Let's create a minimal example. The data is equally spaced with exactly 5 hours in between (5h00, 10h00, 15h00).
import pandas as pd
import matplotlib.pyplot as plt
index = pd.to_datetime(["2019-09-11 05:00:00",
"2019-09-11 10:00:30",
"2019-09-11 15:00:00"])
pd.DataFrame({"x" : [1,2,4], "y" : [3,4,4]}, index=index).plot()
plt.show()
It will result in this plot:

Now, lets add 30 seconds to one of the datetimes,
index = pd.to_datetime(["2019-09-11 05:00:00",
"2019-09-11 10:00:30", # <-- added 30 seconds here
"2019-09-11 15:00:00"])
now the data isn't equally spaced any more, and the result is this:

So in the latter case pandas does not consider it as "ts_plot". "ts" presumably stands for time series, but one could argue that both are time series anyways.

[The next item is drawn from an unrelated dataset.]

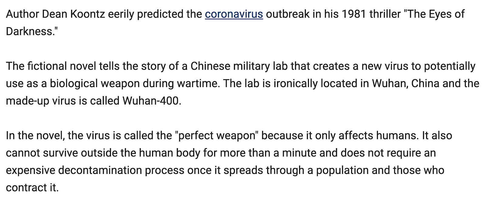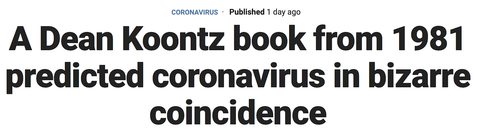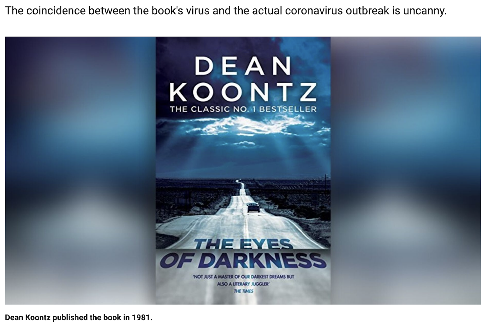https://www.foxnews.com/entertainment/dean-koontz-book-predicted-coronavirus?fbclid=IwAR1tN0g4H5ZycorHTEqabKkWnu5mcMKmbgXmy6zArl8OQCi-18dzyd0BZsE

But of course the latter case cannot be resampled - so that seems the underlying distinction.
Unfortunately, pandas ties the formatter to this kind of time series, and it cannot be changed manually.
You can get consistent results by putting x_compat=True into the plot function. This will make sure no "ts"-like axes is used independent of the data. It will always result in the second kind of plot.
df.plot(x_compat=True)
The advantage of this is that you can manually change the format of those normal plots via matplotlib.dates formatters and locators.